Assigned task: For this exercise, write out only the lines of the entries below from the one with "San Diego Convention Center Corp." up to and including the one with "Paph. Magic Oro", exactly as they are. Pictures stay out.
Input below:
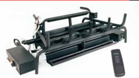
Assembled burner propane with battery electronic and remote system. 3BRN-##-**-MVKEI-GCRK
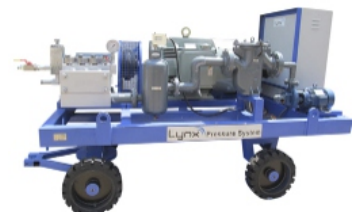
Diesel operated Hydro Blasting Machines
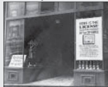
The window of Perley McBride's on-sale liquor establishment advertising a dispute with the city of Minneapolis over liquor license in 1935.
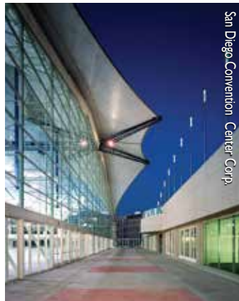
San Diego Convention Center Corp.
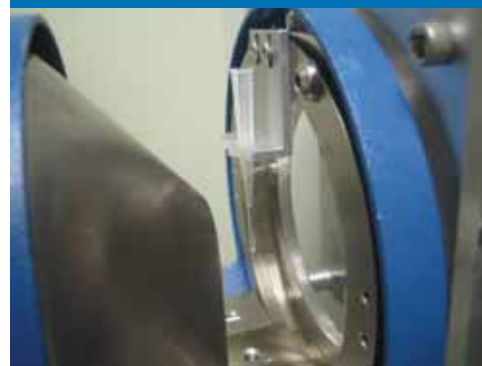
Optimum Sample Desorption Occurs in Seconds
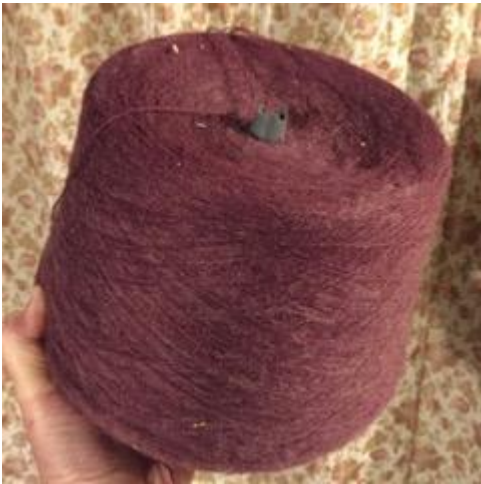
Lot 43 Large spool of knitting yarn
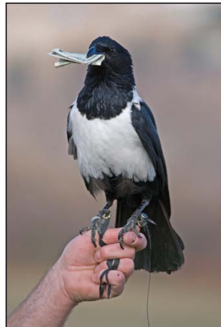
Sheryl the African Pied Crow with money taken from the audience
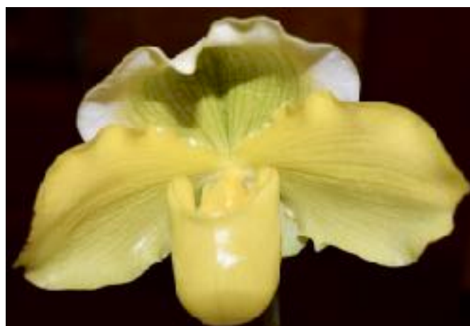
Paph. Magic Oro grown by Warleiti Jap (above) Catt. skinnerii grown by Warleiti Jap (left)

The views stated in this bulletin are not necessarily the views of The Eastern Suburbs Orchid Society, but are the views expressed by the individual authors & contributors. The Eastern Suburbs Orchid Society, authors & contributors to this bulletin disclaim all liability for damage or losses which may be contributed to the use, misuse or non-use of any information or material published in this bulletin.
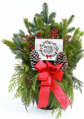
Outdoor Greenery Bough $35.00
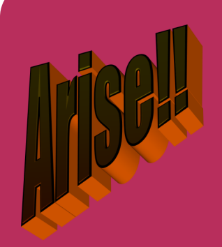
Isaiah 60:1 Arise, shine; for thy light is come, and The Glory of THE LORD is risen upon thee."

GOD has not forgotten you. HE has not left you. Reach for HIM, take hold of HIM. Never let HIM go. HE will be better than your best dreams, greater than your wildest imaginations. Learn HIS Ways, trust HIM, rest in HIM. With GOD, everything, everything is going to be alright!.
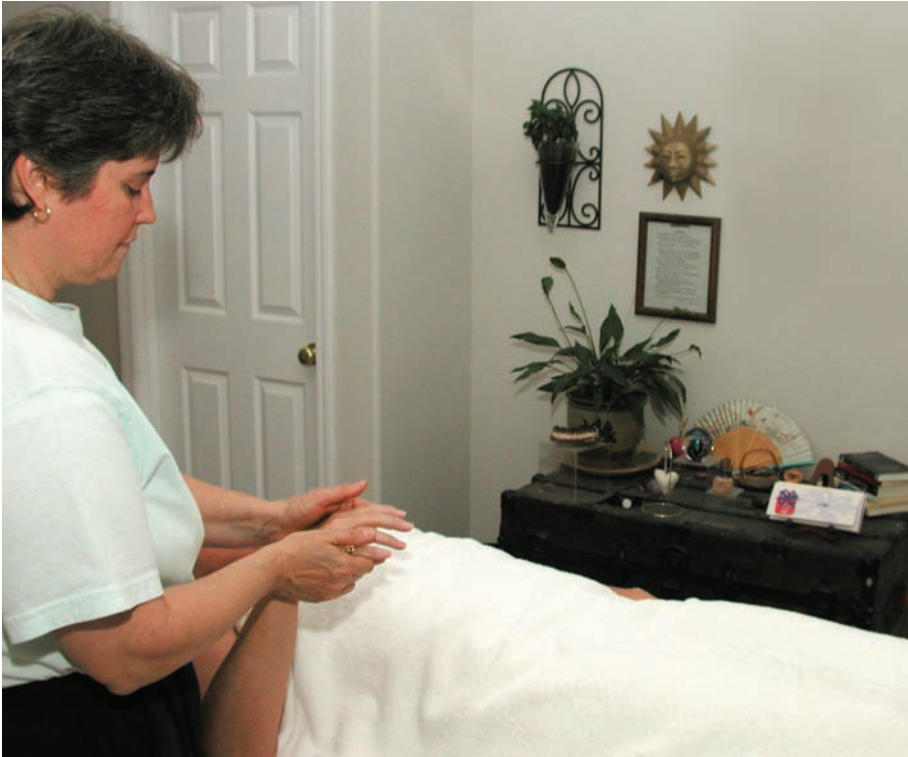
Quality client/therapist communication is crucial when doing oncology massage.

he got her an extra pillow to lie on. “I thought that would be enough and that if I just endured the pain of lying on my stomach, the massage would relax me and it would get better. The pain of lying on my stomach was just too much. Normally when a massage gets near the end, I think, ‘Oh no, don’t let it be over yet.’ This time I couldn’t get off that table fast enough,” she says. “In defense of the therapist, I probably should have been a little more forceful when the pain started. I’m pretty sure he was new and had no experience in the area of ‘massage after surgery.’ While I’ve always enjoyed deep-tissue massage, that probably won’t be the best for me for awhile, if ever.”
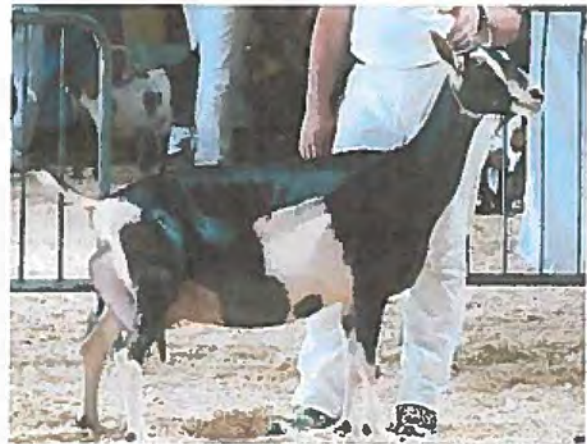
Paternal sister: SGCH Klisse's NSNN Carillon of Hope 7*M National Champion/Best Udder Nationals 2012
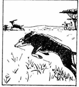
The Saluki, a slim dog of Asia, is thought to be the living representative of the first dog trained for hunting by man. Easily running at speeds up to 40 miles an hour, it can tire a gazelle.
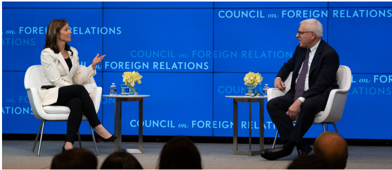
Adena Friedman, President and CEO of Nasdaq, in conversation with CFR Chairman David M. Rubenstein in the opening session of the 2022 Corporate Conference.
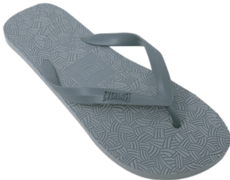
EVS4TM102 COLOR: CHARCOAL
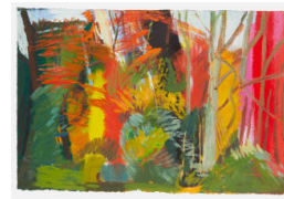
Title: Autumn Series No.8 Balmungo Date: 1999 Medium: Acrylic on Paper
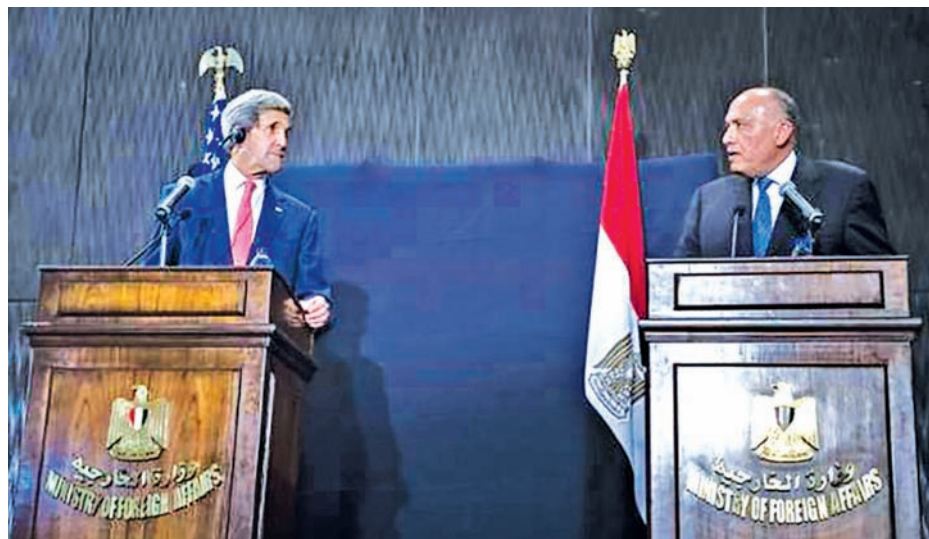
US Secretary of State John Kerry (L) listens to Egypt's Foreign Minister Sameh Shoukry during a joint news conference in Cairo on 13 Sept, 2014.

"We did not discuss this and no one asked this of us. We always say that the mission of the Egyptian army is to protect the Egyptian people and the coun-
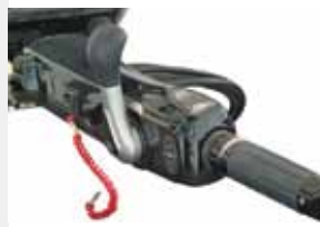
Big tiller handle (optional)
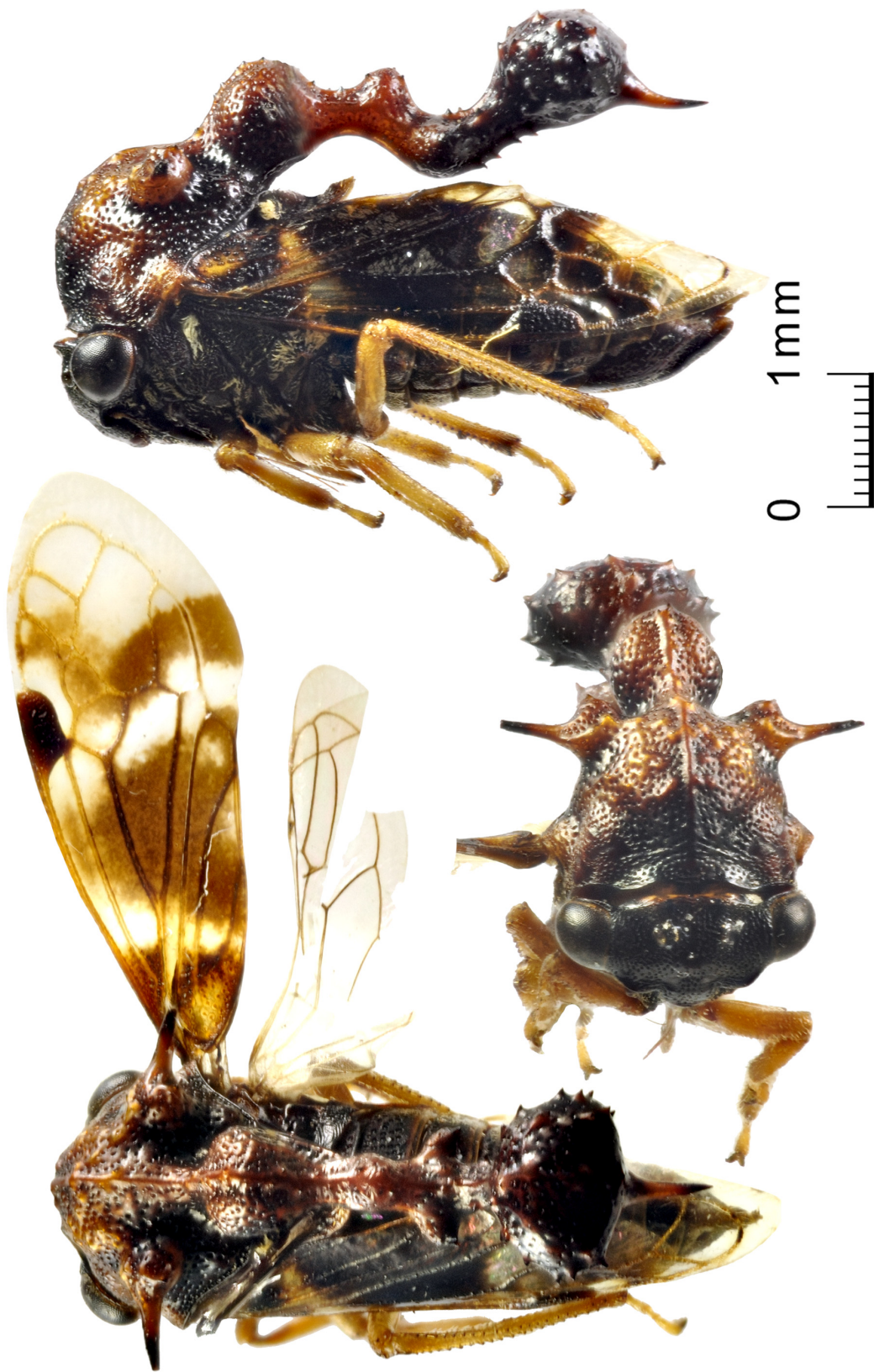
Fig. 3. Hamma caneparii sp. nov., holotype, ♀, Gabon, Ogooué Lolo, Inzambò (Iboundji), m 427, 0.1°6'21.7" S, 0.11°51'17.8" E, 24 Nov. 2012, A. Susini leg. (MSNS).
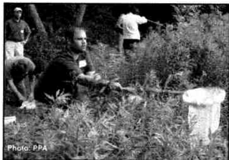
Sampling grassland at Bishop Farmstead
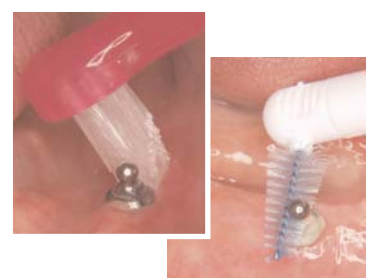
Cleaning with an end-tufted and interdental toothbrush

Well-maintained implants in a 75-year-old man
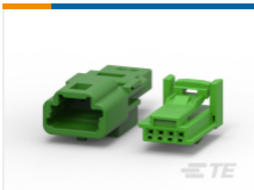
TE Part #1376103-1 TH/.025 CONNECTOR SYSTEM, HOUSING
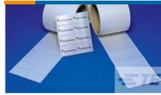
TE Part #4-1768018-3 EET-1325P-8A
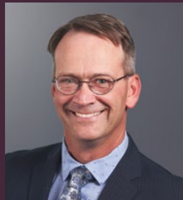
HENRY VAN DE VELDE Director
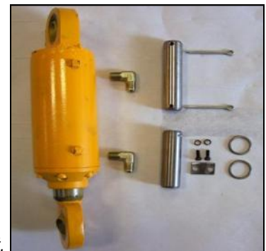
JX68297-KIT Squeeze Cylinder Kit.

Kit includes one JX68297 SQUEEZE CYLINDER, and quantity 2 of JC5405X6 90 DEG. MALE ELBOW and JZ682674 SQUEEZE CYLINDER SPACER. Also includes installation hardware.
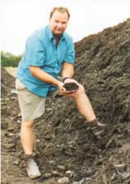
Compost from composted organic waste collected from Council civic amenity recycling sites is a useful addition to difficult Wealden soils
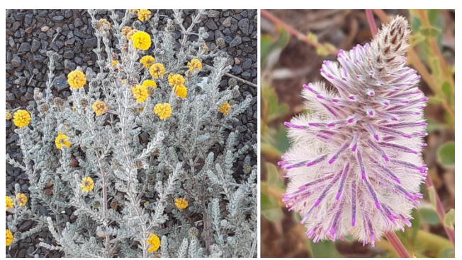
(L) Acacia adoxa var. adoxa (R) Ptilotus exalatus

Definitely one of the most stunning plants of the Pilbara region is Grevillea wickhamii with its very large showy red flowers. Interestingly Bev and I saw a yellow flowering form at Kings Park before we set out on our adventure. A most unusual plant, the ray flower Anthrocercis littorea , about 3m tall, was growing at the Pinnacles. Anthrocercis is an endemic genus to Australia with around 20 species half of which grow in WA.
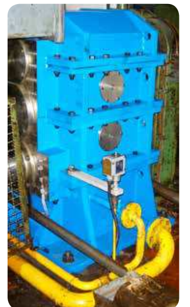
Shown here is the same gearbox, before and after a total refurbishment by SKF gearbox specialists at one of our Gearbox Remanufacturing Centres.
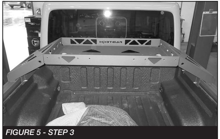
FIGURE 5 - STEP 3
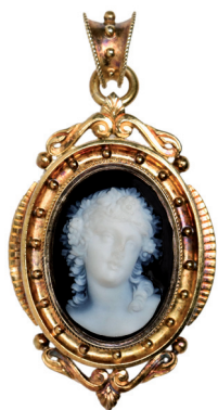
347* Cameo locket , 18ct yellow gold locket, beaded suspension bail, set with large carved agate depicting classical female head (22.39g total weight). Small chip on nose of cameo, otherwise very fine. $2,500
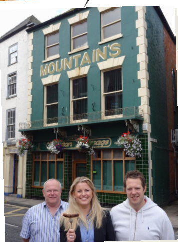
At Mountain's Butchers in Boston
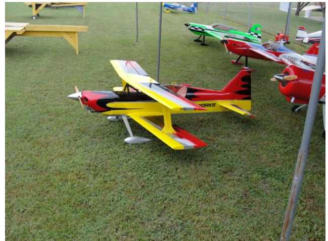
Jim Hillin's Plane
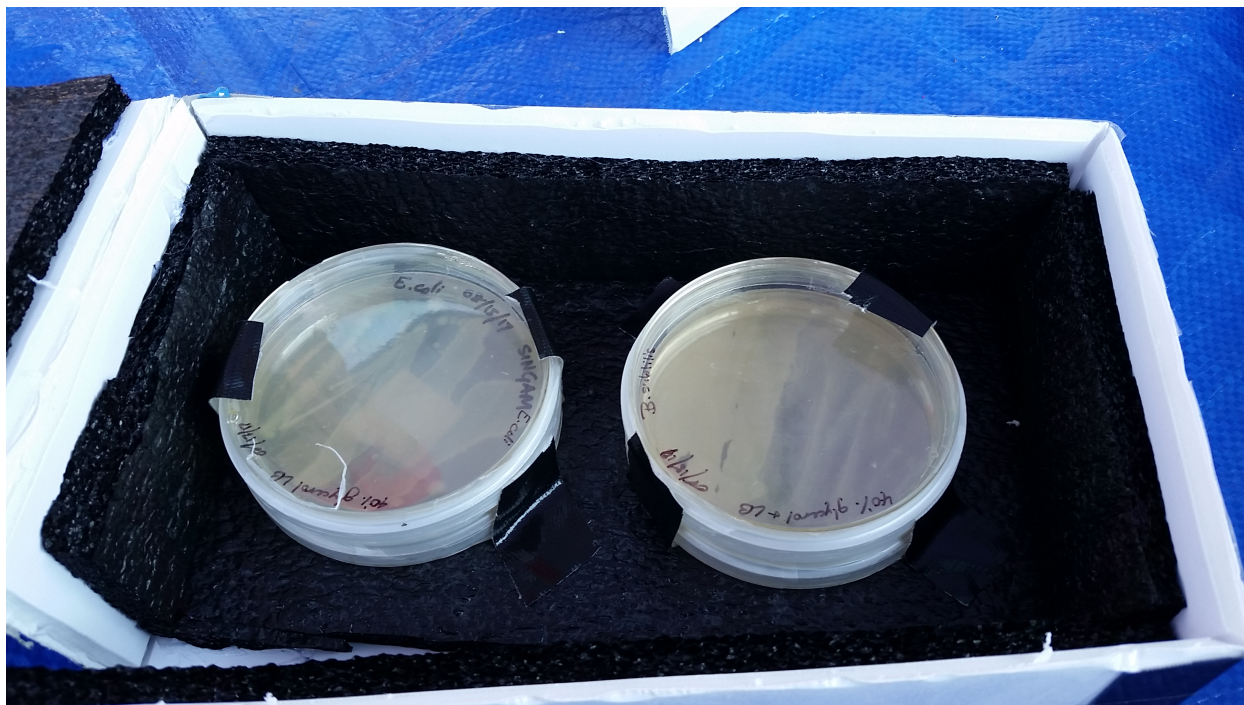
Fig. 2 The interior layout of ATOMIC featured two sets of bacterial cultures inside a foam-core enclosure.

than expected with regards to design. The first design choice of importance was the selection of which bacterial species to use. E. coli , as a commonly occurring bacterium, was a logical choice due to its adaptability and pervasive nature in the environment. Bacillus subtilis was also chosen due to its hardy nature and ability to sporulate if overly stressed, and its presence in the natural environment. Classroom-grade strains that were certain to be non-pathogenic and completely harmless were selected for both species, and were ordered in freeze-dried form from Carolina Biological Supply.
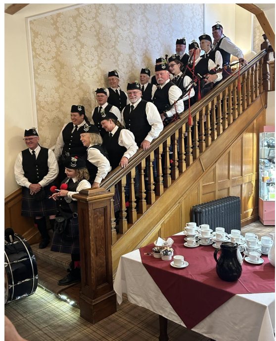
The Pipes and Drums Band from Mt Dora, Florida played for us.
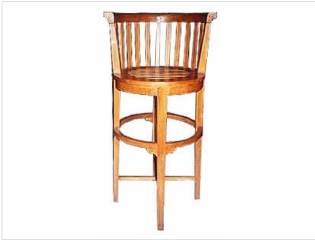
CODE: EB -017 BAR STOOL BASKET CHAIR SIZE: W 50 x D 55 x H 115 (cm)
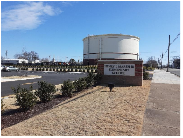
Figure 1. 813 N. 28th Street, existing sign.
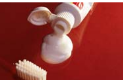
metering of colours, flavours, or preservatives
End of Input.
Result of the exercise:
San Diego Convention Center Corp.
Optimum Sample Desorption Occurs in Seconds
Lot 43 Large spool of knitting yarn
Sheryl the African Pied Crow with money taken from the audience
Paph. Magic Oro grown by Warleiti Jap (above) Catt. skinnerii grown by Warleiti Jap (left)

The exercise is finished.